# ASSIGNMENT
Leaving out all pictures, write out word for word the lines from the one containing "Our roots are" to the end of the data below.

# SOURCE MATERIAL
....

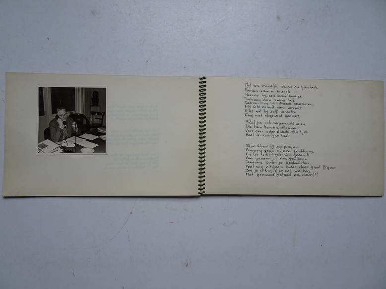 | Bijzonderheden: | 1959; ringband; 11 blz. poëzie n.a.v. een afscheid na 10 jaar dienst bij de Landbouwersbank te Almelo; met 8 originele, ingeplakte zwart wit foto's, van o.a. het pakhuis a/d Oude Kloosterweg; handgeschreven tekst, in inkt; oblong, 24,5x15 cm. |
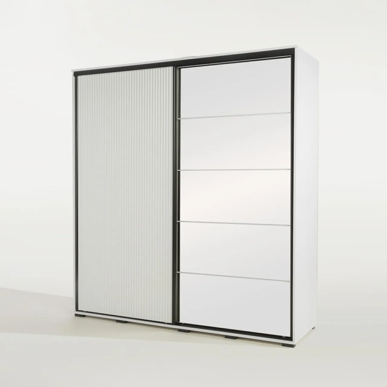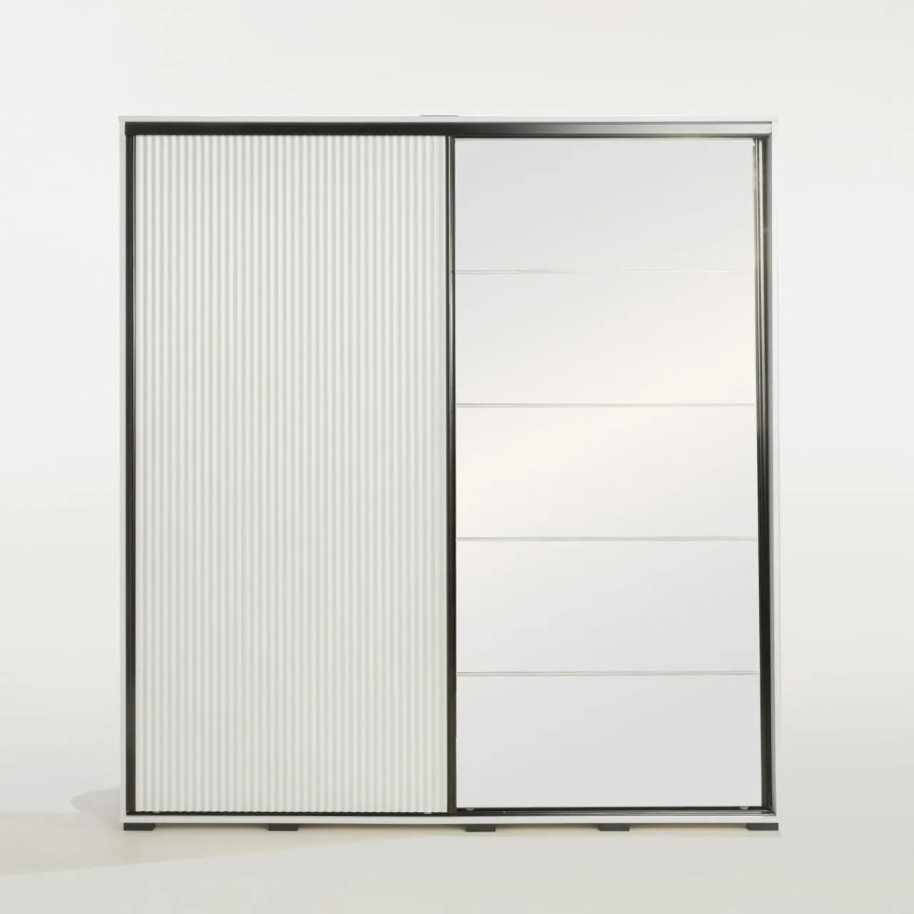 Czarna rama nadaje ciekawy kontrast. Szafa wpasuje się w minimalistyczne i nowoczesne sypialnie o stonowanych kolorach ścian,
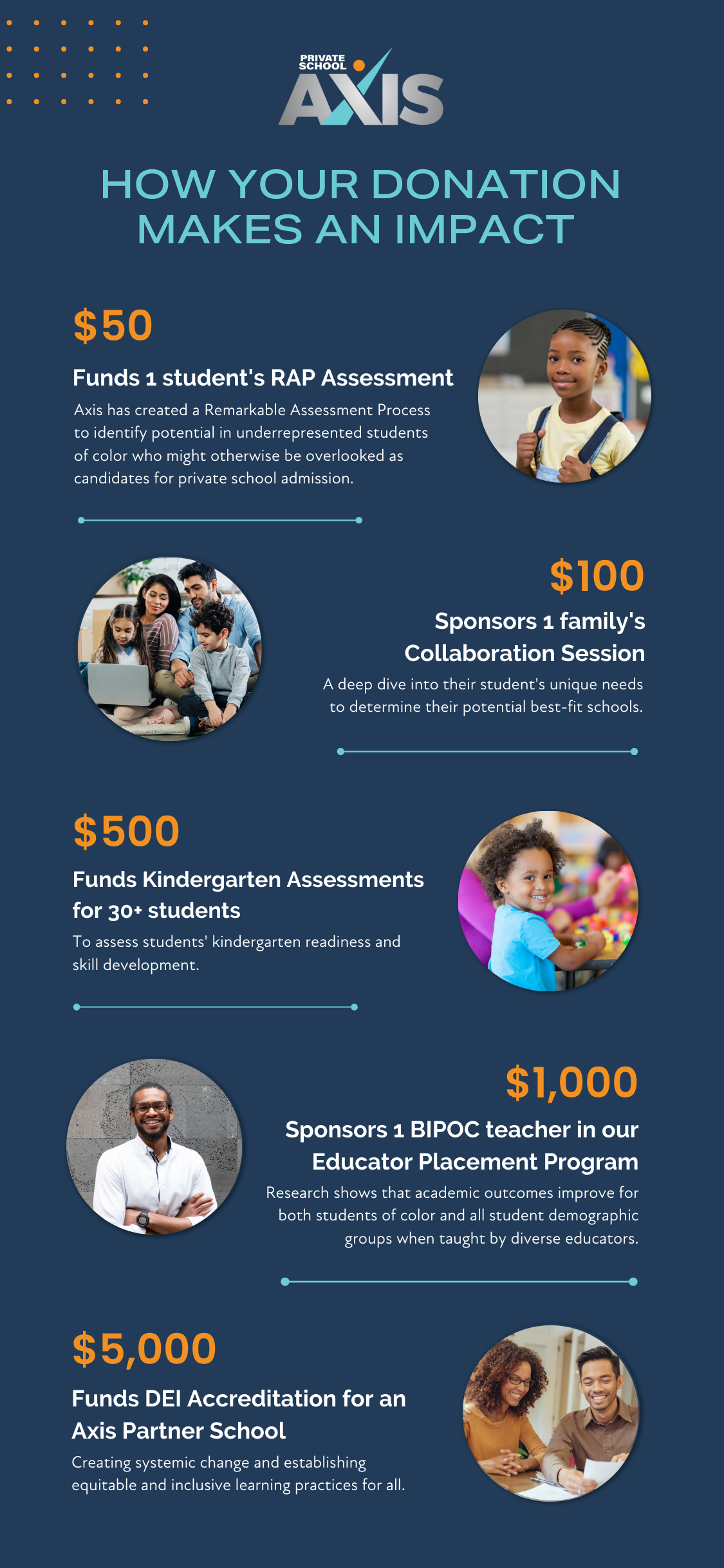 Our roots are widespread and deep. We partner with 35 independent schools and several nonprofits across Los Angeles, ensuring seamless cooperation. Our donor circle made up of diverse high-net-worth individuals, actively engages with and supports our mission. Along with our growing volunteer base, the Axis family we serve is steadfast and engaged, contributing significantly to the cause.
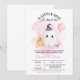 Celebrate your little pumpkin with this adorable Halloween baby shower invitation! Featuring a sweet watercolor ghost holding a balloon, pastel pumpkins, and pink accents, this “A Little Boo Is Almost Due” invitation is perfect for a fall or October baby shower.
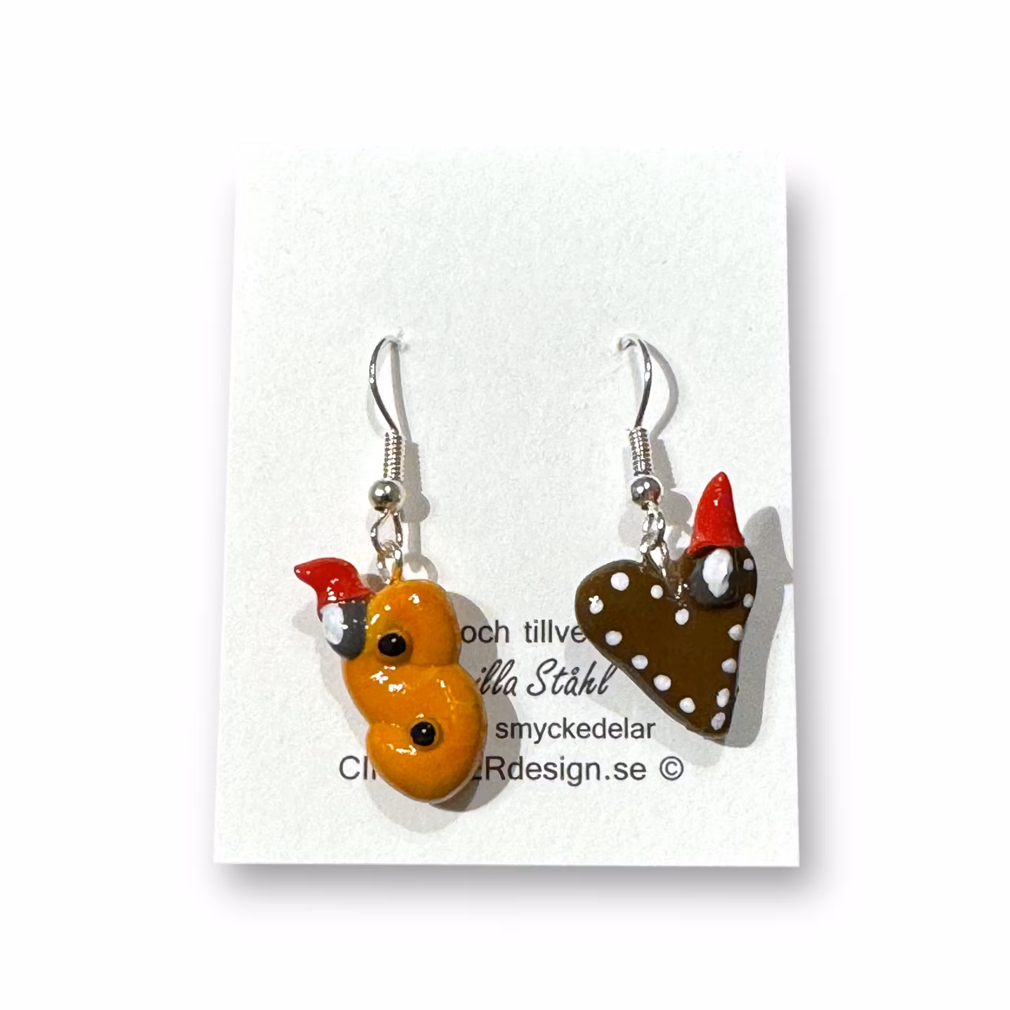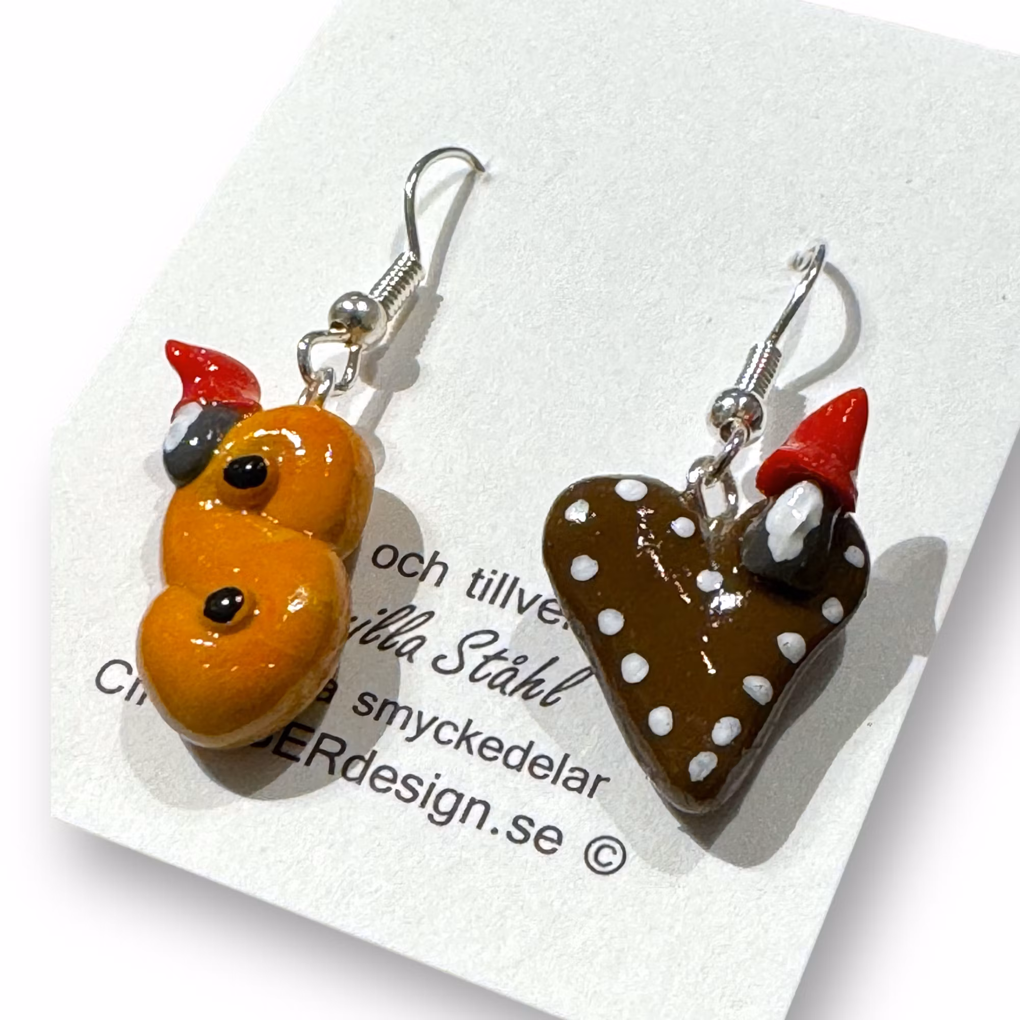 En lussebulle till ena örat och en pepparkaka till det andra. Dessa gör jag för hand så de blir lite olika i utseende och storlek.EGEN DESIGNStorlek: ca: 2-1 cm
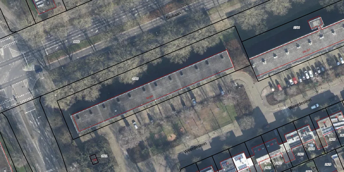 Het perceel waarop Weerdestein 139 staat heeft een oppervlakte van 2748 m². Dit is een zeer groot perceel. De perceeloppervlakte wordt geregistreerd door het Kadaster. Gedetailleerde informatie over de maten van dit perceel kunt u vinden in het rapport Kadastrale kaart met maatvoering van Weerdestein 139.

....

# ANSWER FOR THIS EXERCISE
 Our roots are widespread and deep. We partner with 35 independent schools and several nonprofits across Los Angeles, ensuring seamless cooperation. Our donor circle made up of diverse high-net-worth individuals, actively engages with and supports our mission. Along with our growing volunteer base, the Axis family we serve is steadfast and engaged, contributing significantly to the cause.
 Celebrate your little pumpkin with this adorable Halloween baby shower invitation! Featuring a sweet watercolor ghost holding a balloon, pastel pumpkins, and pink accents, this “A Little Boo Is Almost Due” invitation is perfect for a fall or October baby shower.
 En lussebulle till ena örat och en pepparkaka till det andra. Dessa gör jag för hand så de blir lite olika i utseende och storlek.EGEN DESIGNStorlek: ca: 2-1 cm
 Het perceel waarop Weerdestein 139 staat heeft een oppervlakte van 2748 m². Dit is een zeer groot perceel. De perceeloppervlakte wordt geregistreerd door het Kadaster. Gedetailleerde informatie over de maten van dit perceel kunt u vinden in het rapport Kadastrale kaart met maatvoering van Weerdestein 139.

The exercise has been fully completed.